» YOUR ASSIGNMENT
Restate word for word the lines below that run from the one holding "The literacy rate" through the one holding "Taille 54 chez", inclusive. Pictures don't belong in the copy.

Data entries
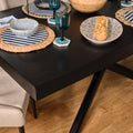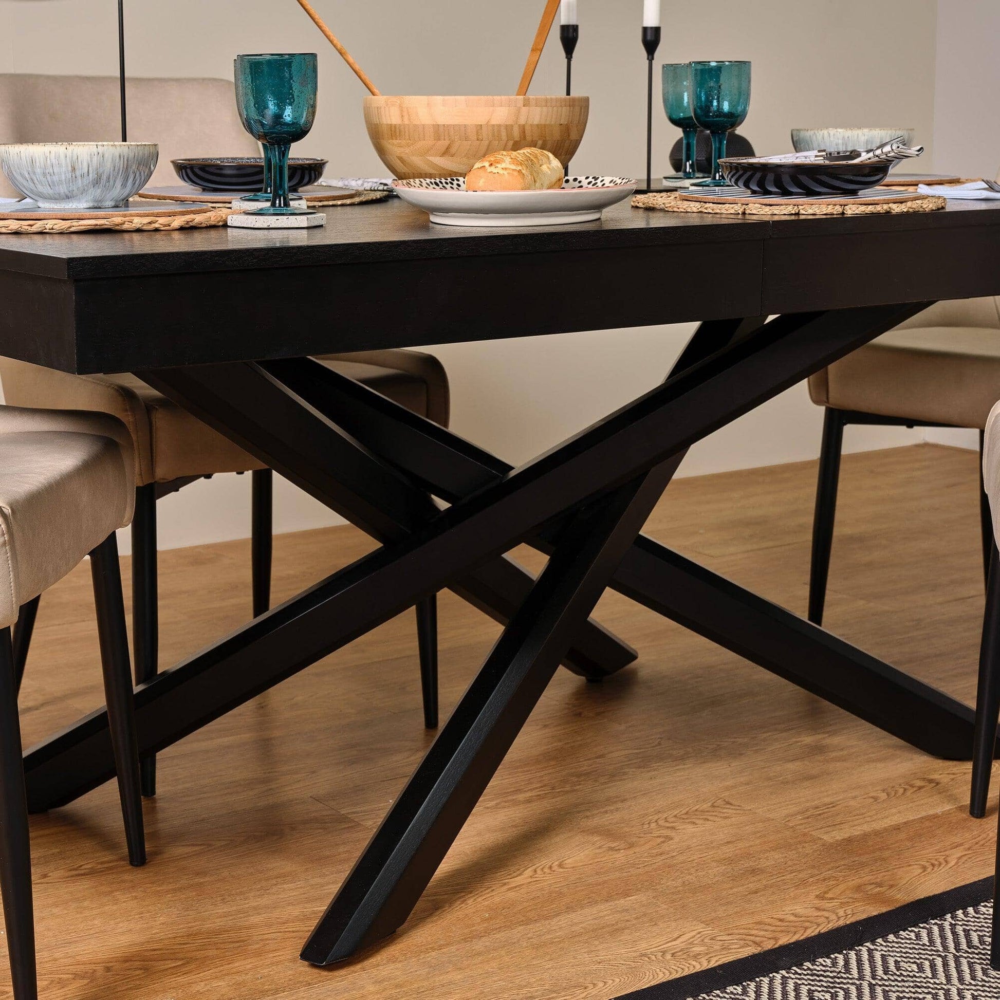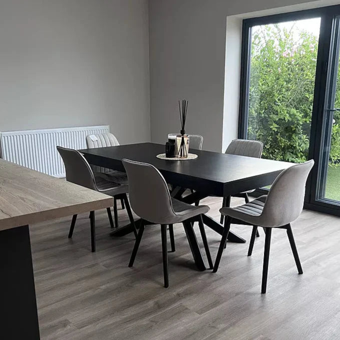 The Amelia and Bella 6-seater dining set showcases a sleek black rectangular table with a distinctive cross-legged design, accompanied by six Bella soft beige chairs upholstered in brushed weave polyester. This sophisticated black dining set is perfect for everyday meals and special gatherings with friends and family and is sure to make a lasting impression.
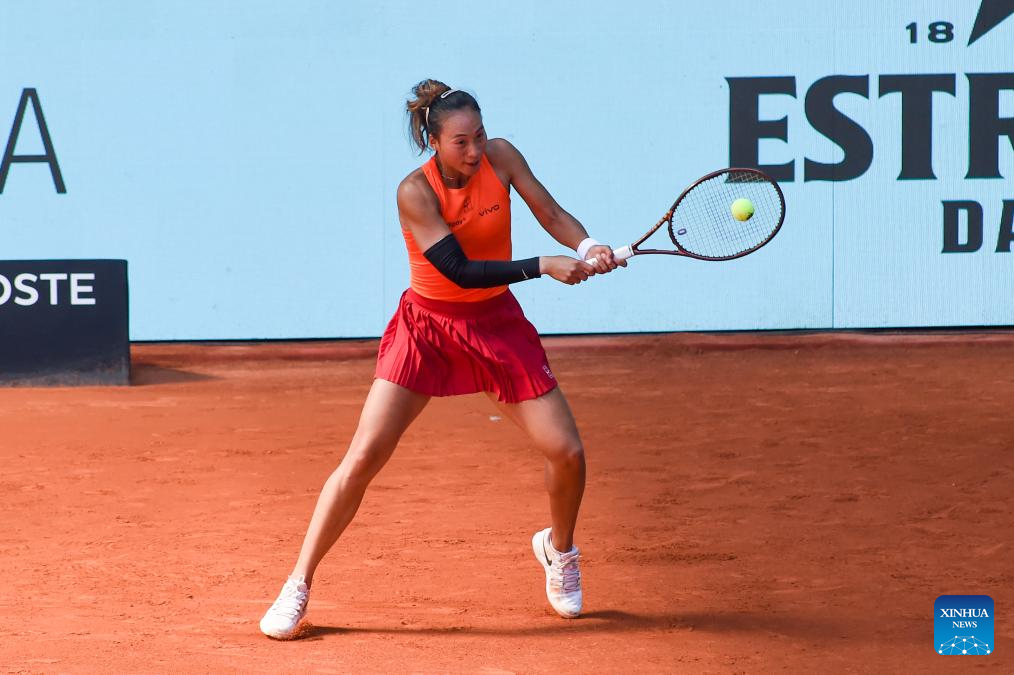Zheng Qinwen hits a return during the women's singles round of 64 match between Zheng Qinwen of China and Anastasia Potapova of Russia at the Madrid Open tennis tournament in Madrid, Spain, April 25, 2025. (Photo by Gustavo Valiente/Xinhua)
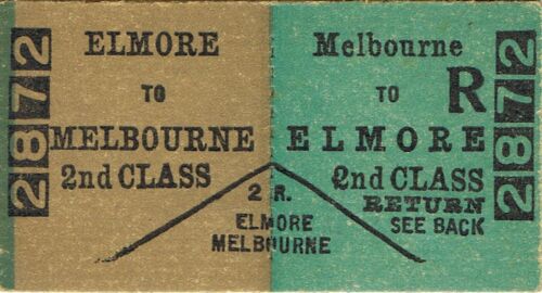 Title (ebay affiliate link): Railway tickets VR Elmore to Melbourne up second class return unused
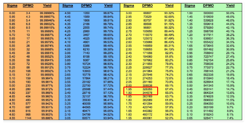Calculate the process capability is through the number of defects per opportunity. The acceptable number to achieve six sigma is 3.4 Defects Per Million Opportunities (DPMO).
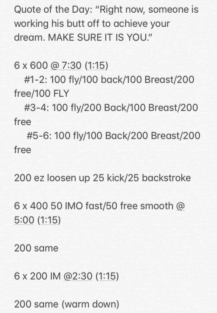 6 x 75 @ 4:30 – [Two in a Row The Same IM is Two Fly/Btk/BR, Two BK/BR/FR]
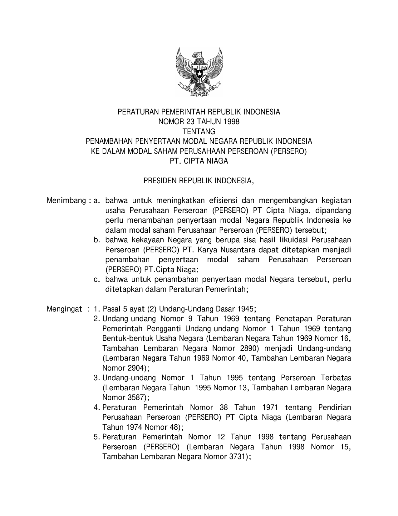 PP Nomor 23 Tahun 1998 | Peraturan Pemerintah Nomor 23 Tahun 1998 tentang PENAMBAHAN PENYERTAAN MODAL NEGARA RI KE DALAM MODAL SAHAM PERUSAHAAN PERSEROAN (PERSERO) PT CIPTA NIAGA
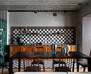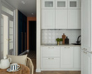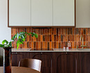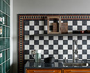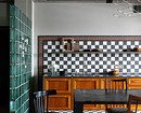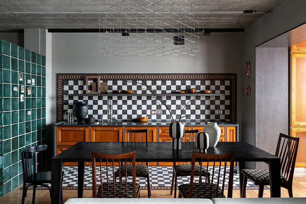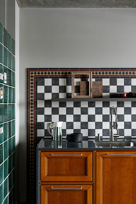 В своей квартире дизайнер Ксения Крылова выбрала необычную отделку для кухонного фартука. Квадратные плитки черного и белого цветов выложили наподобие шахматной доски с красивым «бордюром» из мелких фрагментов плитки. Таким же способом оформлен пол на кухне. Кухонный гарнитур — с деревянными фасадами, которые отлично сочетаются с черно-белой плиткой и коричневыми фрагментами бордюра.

--

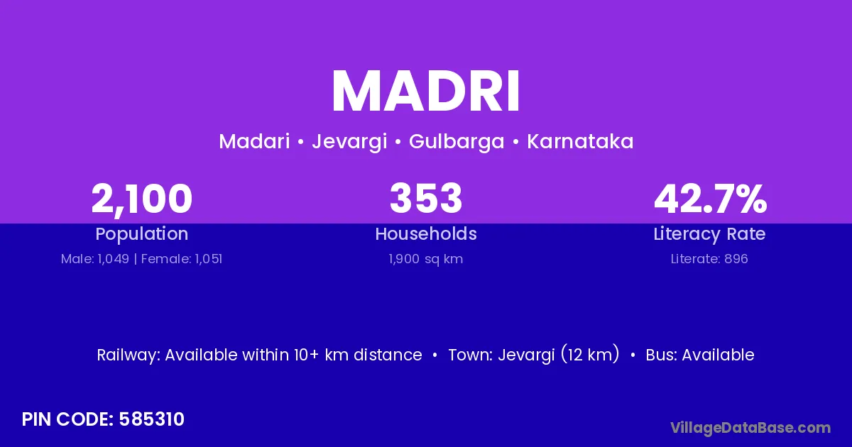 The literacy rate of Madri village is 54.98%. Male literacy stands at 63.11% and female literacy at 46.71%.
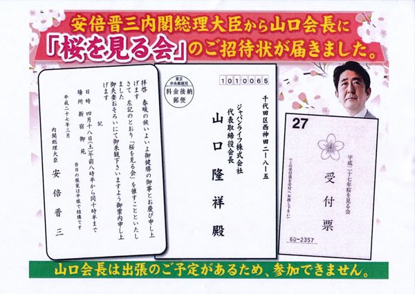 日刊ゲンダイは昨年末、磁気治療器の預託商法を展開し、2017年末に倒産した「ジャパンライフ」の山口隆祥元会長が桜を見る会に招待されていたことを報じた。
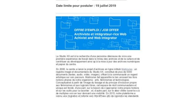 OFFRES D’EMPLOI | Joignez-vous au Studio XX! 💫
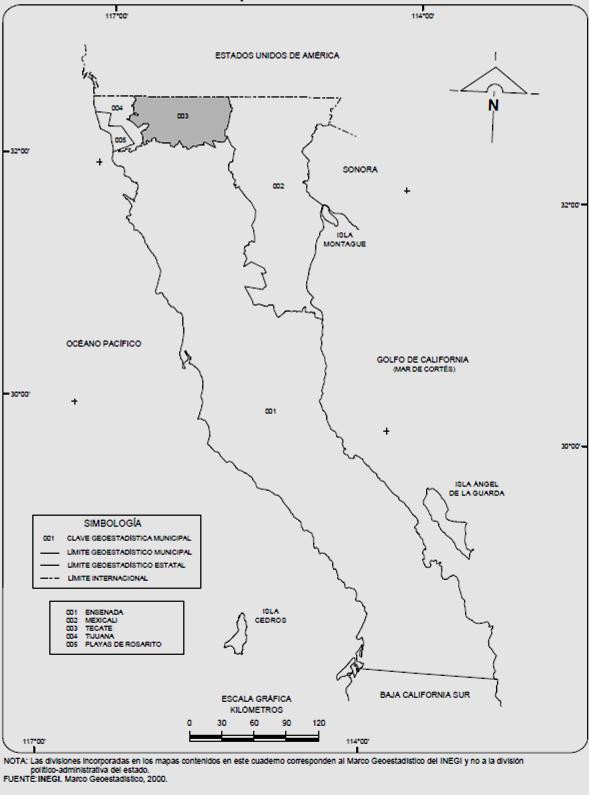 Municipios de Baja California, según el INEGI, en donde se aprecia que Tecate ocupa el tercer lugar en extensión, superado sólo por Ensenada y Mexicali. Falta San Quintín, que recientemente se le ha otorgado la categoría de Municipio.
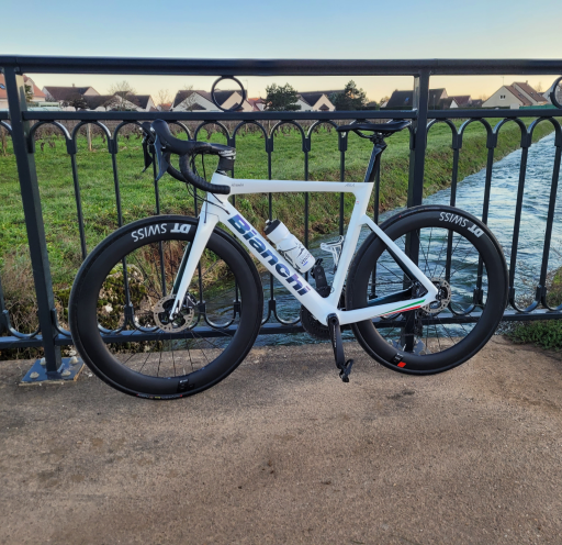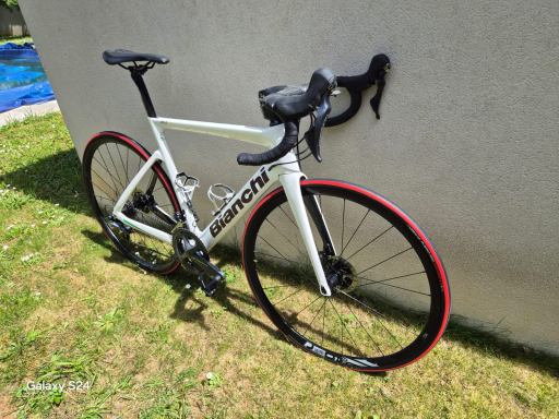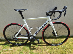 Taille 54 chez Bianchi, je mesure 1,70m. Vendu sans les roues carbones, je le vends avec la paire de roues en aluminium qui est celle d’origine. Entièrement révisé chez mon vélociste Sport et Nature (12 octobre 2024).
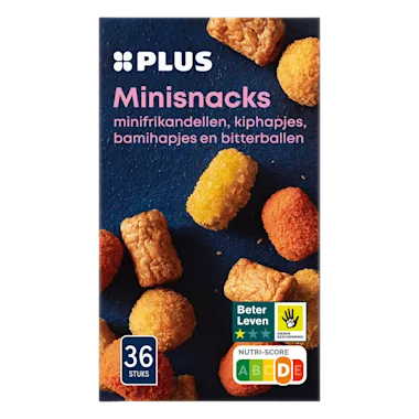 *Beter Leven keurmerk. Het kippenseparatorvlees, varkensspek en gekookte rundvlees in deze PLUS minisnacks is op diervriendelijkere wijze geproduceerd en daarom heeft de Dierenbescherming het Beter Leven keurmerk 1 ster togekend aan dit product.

» TASK RESPONSE
 The literacy rate of Madri village is 54.98%. Male literacy stands at 63.11% and female literacy at 46.71%.
 日刊ゲンダイは昨年末、磁気治療器の預託商法を展開し、2017年末に倒産した「ジャパンライフ」の山口隆祥元会長が桜を見る会に招待されていたことを報じた。
 OFFRES D’EMPLOI | Joignez-vous au Studio XX! 💫
 Municipios de Baja California, según el INEGI, en donde se aprecia que Tecate ocupa el tercer lugar en extensión, superado sólo por Ensenada y Mexicali. Falta San Quintín, que recientemente se le ha otorgado la categoría de Municipio.
 Taille 54 chez Bianchi, je mesure 1,70m. Vendu sans les roues carbones, je le vends avec la paire de roues en aluminium qui est celle d’origine. Entièrement révisé chez mon vélociste Sport et Nature (12 octobre 2024).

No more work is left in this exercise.